» **EXERCISE**
Extract, exactly and without pictures, every line from the one that includes "套装一:2枚999足金小猪佩奇纪念币+小猪乔治毛绒公仔" through the final line of the material below.

⟨

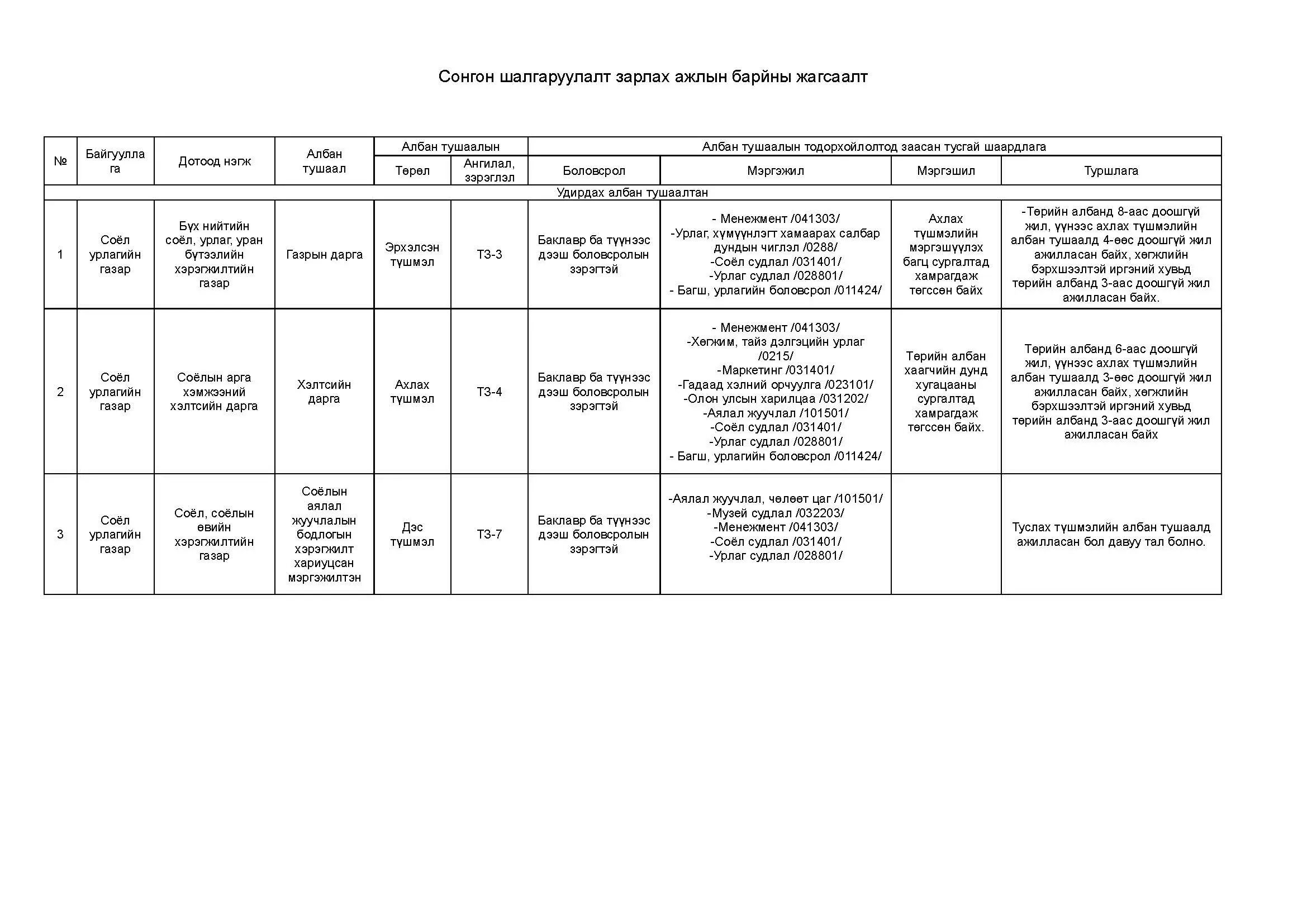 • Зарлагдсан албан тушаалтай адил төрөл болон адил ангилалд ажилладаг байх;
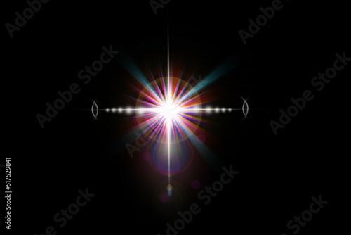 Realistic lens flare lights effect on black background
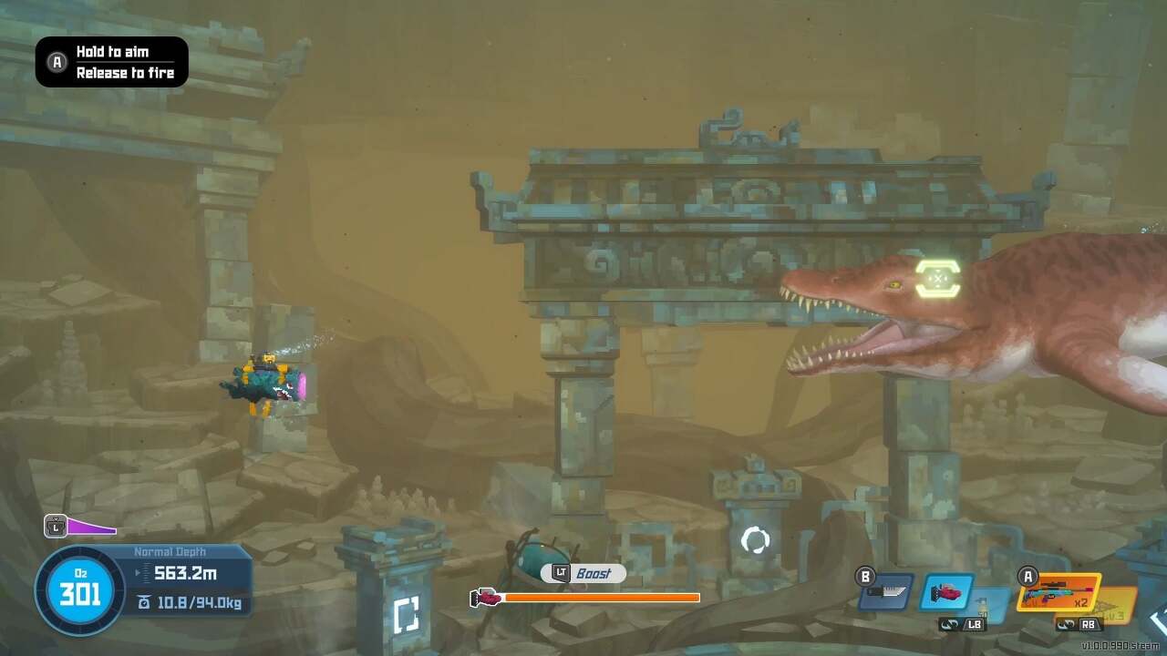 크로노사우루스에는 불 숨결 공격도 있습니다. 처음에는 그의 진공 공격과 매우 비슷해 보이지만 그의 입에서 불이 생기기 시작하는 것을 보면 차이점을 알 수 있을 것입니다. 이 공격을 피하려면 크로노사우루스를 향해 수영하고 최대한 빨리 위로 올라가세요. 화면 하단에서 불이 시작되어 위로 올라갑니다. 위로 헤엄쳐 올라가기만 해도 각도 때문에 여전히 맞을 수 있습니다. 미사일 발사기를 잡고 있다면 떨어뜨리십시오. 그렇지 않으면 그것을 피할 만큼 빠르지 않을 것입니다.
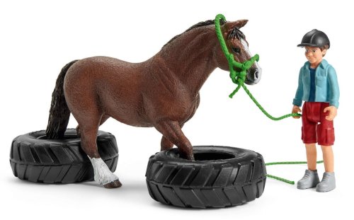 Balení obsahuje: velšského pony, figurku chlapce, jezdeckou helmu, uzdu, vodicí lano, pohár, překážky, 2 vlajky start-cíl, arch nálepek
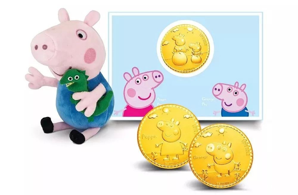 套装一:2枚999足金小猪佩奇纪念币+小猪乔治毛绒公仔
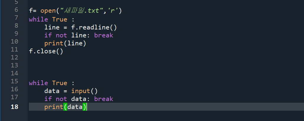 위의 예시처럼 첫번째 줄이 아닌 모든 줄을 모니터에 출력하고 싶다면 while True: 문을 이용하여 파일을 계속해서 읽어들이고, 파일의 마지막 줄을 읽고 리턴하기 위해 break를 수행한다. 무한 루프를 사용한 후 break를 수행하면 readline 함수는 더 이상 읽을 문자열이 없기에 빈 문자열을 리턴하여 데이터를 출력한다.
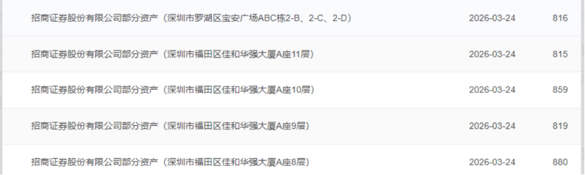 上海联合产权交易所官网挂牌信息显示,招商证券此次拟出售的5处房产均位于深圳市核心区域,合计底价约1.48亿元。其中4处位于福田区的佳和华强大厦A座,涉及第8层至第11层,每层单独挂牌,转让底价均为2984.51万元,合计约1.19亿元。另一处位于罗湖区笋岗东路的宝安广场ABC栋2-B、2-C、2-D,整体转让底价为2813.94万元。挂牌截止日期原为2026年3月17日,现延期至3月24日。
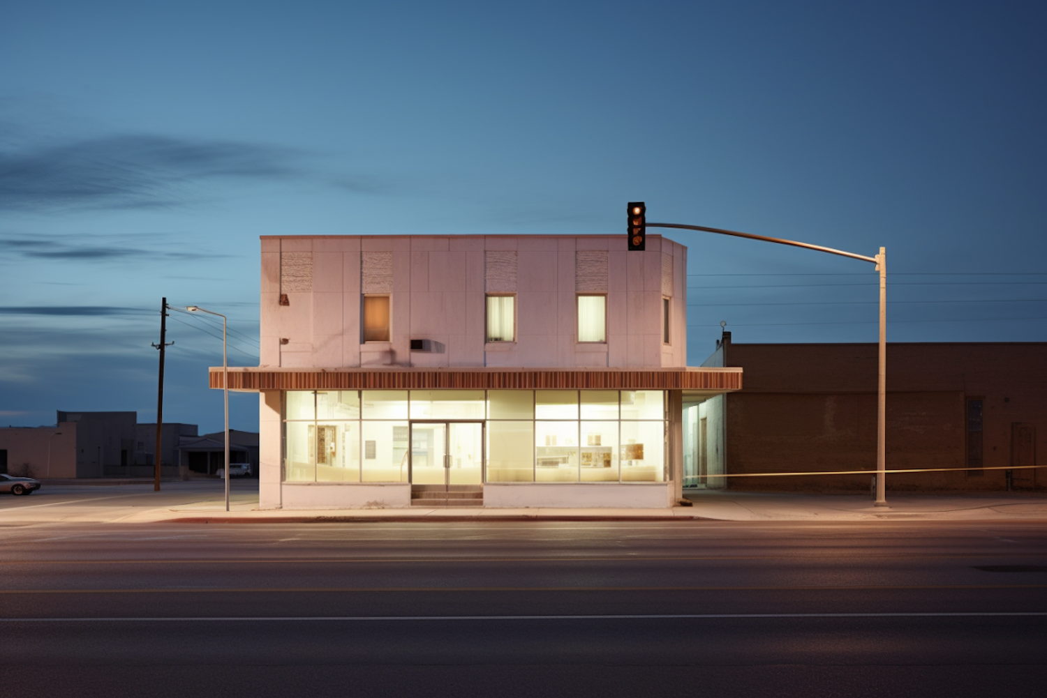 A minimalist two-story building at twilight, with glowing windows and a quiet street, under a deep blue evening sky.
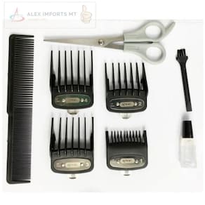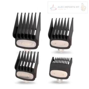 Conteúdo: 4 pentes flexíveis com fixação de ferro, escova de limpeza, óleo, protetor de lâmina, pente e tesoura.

⟩

» **FINISHED EXERCISE**
 套装一:2枚999足金小猪佩奇纪念币+小猪乔治毛绒公仔
 위의 예시처럼 첫번째 줄이 아닌 모든 줄을 모니터에 출력하고 싶다면 while True: 문을 이용하여 파일을 계속해서 읽어들이고, 파일의 마지막 줄을 읽고 리턴하기 위해 break를 수행한다. 무한 루프를 사용한 후 break를 수행하면 readline 함수는 더 이상 읽을 문자열이 없기에 빈 문자열을 리턴하여 데이터를 출력한다.
 上海联合产权交易所官网挂牌信息显示,招商证券此次拟出售的5处房产均位于深圳市核心区域,合计底价约1.48亿元。其中4处位于福田区的佳和华强大厦A座,涉及第8层至第11层,每层单独挂牌,转让底价均为2984.51万元,合计约1.19亿元。另一处位于罗湖区笋岗东路的宝安广场ABC栋2-B、2-C、2-D,整体转让底价为2813.94万元。挂牌截止日期原为2026年3月17日,现延期至3月24日。
 A minimalist two-story building at twilight, with glowing windows and a quiet street, under a deep blue evening sky.
 Conteúdo: 4 pentes flexíveis com fixação de ferro, escova de limpeza, óleo, protetor de lâmina, pente e tesoura.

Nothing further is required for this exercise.